▶ WORK ORDER: Would you restate each line of the data below word for word, without its pictures?

▶ THE DATA:

[Start of Attachment]

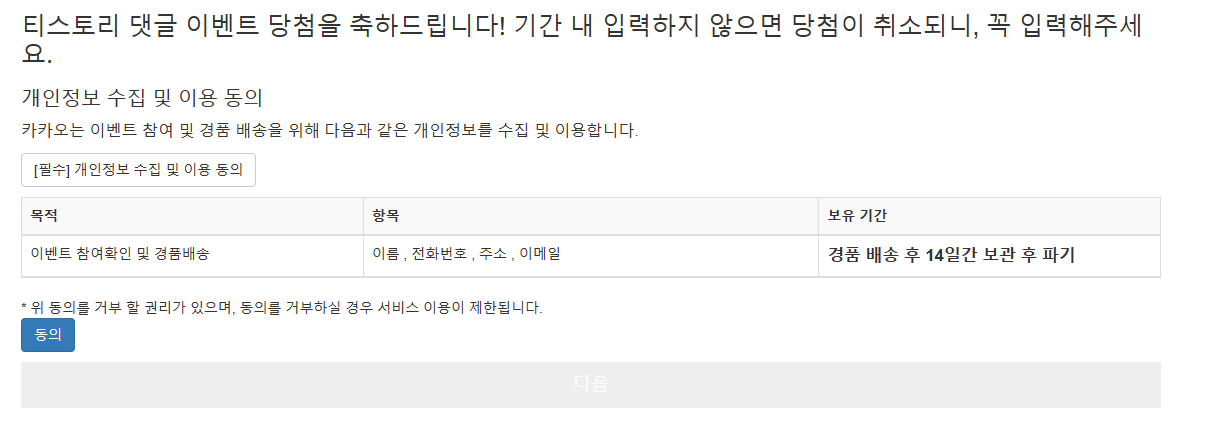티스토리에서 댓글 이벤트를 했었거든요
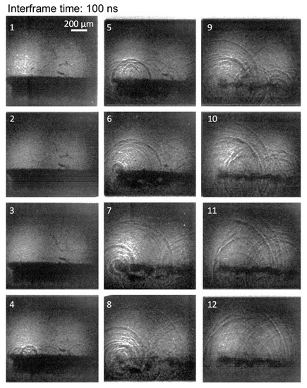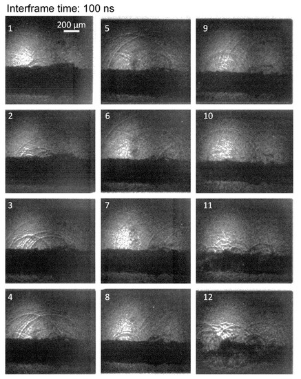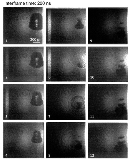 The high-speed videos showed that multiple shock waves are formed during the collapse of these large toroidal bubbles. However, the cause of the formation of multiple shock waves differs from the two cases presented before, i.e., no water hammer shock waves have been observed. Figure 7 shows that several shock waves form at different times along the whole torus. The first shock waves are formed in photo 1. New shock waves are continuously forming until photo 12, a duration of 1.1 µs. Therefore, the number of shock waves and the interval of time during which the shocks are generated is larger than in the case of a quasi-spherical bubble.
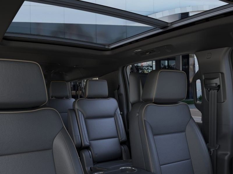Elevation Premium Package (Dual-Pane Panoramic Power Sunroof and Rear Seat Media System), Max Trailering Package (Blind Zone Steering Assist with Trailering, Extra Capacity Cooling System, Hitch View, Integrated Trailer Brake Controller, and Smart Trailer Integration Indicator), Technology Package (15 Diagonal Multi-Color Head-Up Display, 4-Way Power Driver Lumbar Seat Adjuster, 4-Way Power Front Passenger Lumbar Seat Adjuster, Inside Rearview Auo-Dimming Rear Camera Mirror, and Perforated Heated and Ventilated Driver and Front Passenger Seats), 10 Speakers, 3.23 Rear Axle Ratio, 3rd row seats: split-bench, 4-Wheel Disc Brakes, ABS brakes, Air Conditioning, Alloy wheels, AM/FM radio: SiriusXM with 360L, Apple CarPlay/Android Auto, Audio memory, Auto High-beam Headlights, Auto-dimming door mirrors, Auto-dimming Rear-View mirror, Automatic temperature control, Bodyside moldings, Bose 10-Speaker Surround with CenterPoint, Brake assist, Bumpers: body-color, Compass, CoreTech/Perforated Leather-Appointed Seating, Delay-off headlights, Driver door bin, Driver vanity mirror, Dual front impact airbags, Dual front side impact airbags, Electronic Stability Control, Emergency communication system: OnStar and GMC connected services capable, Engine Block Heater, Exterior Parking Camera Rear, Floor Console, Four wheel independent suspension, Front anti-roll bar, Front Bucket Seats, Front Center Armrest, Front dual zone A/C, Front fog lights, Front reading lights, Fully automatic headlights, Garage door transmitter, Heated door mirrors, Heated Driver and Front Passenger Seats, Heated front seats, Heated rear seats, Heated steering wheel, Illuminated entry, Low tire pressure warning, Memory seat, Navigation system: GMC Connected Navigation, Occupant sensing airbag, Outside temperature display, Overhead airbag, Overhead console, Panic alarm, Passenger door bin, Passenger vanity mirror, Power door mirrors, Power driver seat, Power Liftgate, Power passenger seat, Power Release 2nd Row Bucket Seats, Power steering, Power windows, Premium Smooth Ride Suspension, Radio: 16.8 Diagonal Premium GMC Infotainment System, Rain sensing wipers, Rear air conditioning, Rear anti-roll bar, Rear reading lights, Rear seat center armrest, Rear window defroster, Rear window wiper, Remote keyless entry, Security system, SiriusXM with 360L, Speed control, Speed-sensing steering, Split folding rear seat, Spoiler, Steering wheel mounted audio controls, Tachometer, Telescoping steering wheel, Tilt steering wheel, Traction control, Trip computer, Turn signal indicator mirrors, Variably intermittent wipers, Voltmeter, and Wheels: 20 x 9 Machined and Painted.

[End of Attachment]

▶ RESULT OF THE EXERCISE:
티스토리에서 댓글 이벤트를 했었거든요
 The high-speed videos showed that multiple shock waves are formed during the collapse of these large toroidal bubbles. However, the cause of the formation of multiple shock waves differs from the two cases presented before, i.e., no water hammer shock waves have been observed. Figure 7 shows that several shock waves form at different times along the whole torus. The first shock waves are formed in photo 1. New shock waves are continuously forming until photo 12, a duration of 1.1 µs. Therefore, the number of shock waves and the interval of time during which the shocks are generated is larger than in the case of a quasi-spherical bubble.
Elevation Premium Package (Dual-Pane Panoramic Power Sunroof and Rear Seat Media System), Max Trailering Package (Blind Zone Steering Assist with Trailering, Extra Capacity Cooling System, Hitch View, Integrated Trailer Brake Controller, and Smart Trailer Integration Indicator), Technology Package (15 Diagonal Multi-Color Head-Up Display, 4-Way Power Driver Lumbar Seat Adjuster, 4-Way Power Front Passenger Lumbar Seat Adjuster, Inside Rearview Auo-Dimming Rear Camera Mirror, and Perforated Heated and Ventilated Driver and Front Passenger Seats), 10 Speakers, 3.23 Rear Axle Ratio, 3rd row seats: split-bench, 4-Wheel Disc Brakes, ABS brakes, Air Conditioning, Alloy wheels, AM/FM radio: SiriusXM with 360L, Apple CarPlay/Android Auto, Audio memory, Auto High-beam Headlights, Auto-dimming door mirrors, Auto-dimming Rear-View mirror, Automatic temperature control, Bodyside moldings, Bose 10-Speaker Surround with CenterPoint, Brake assist, Bumpers: body-color, Compass, CoreTech/Perforated Leather-Appointed Seating, Delay-off headlights, Driver door bin, Driver vanity mirror, Dual front impact airbags, Dual front side impact airbags, Electronic Stability Control, Emergency communication system: OnStar and GMC connected services capable, Engine Block Heater, Exterior Parking Camera Rear, Floor Console, Four wheel independent suspension, Front anti-roll bar, Front Bucket Seats, Front Center Armrest, Front dual zone A/C, Front fog lights, Front reading lights, Fully automatic headlights, Garage door transmitter, Heated door mirrors, Heated Driver and Front Passenger Seats, Heated front seats, Heated rear seats, Heated steering wheel, Illuminated entry, Low tire pressure warning, Memory seat, Navigation system: GMC Connected Navigation, Occupant sensing airbag, Outside temperature display, Overhead airbag, Overhead console, Panic alarm, Passenger door bin, Passenger vanity mirror, Power door mirrors, Power driver seat, Power Liftgate, Power passenger seat, Power Release 2nd Row Bucket Seats, Power steering, Power windows, Premium Smooth Ride Suspension, Radio: 16.8 Diagonal Premium GMC Infotainment System, Rain sensing wipers, Rear air conditioning, Rear anti-roll bar, Rear reading lights, Rear seat center armrest, Rear window defroster, Rear window wiper, Remote keyless entry, Security system, SiriusXM with 360L, Speed control, Speed-sensing steering, Split folding rear seat, Spoiler, Steering wheel mounted audio controls, Tachometer, Telescoping steering wheel, Tilt steering wheel, Traction control, Trip computer, Turn signal indicator mirrors, Variably intermittent wipers, Voltmeter, and Wheels: 20 x 9 Machined and Painted.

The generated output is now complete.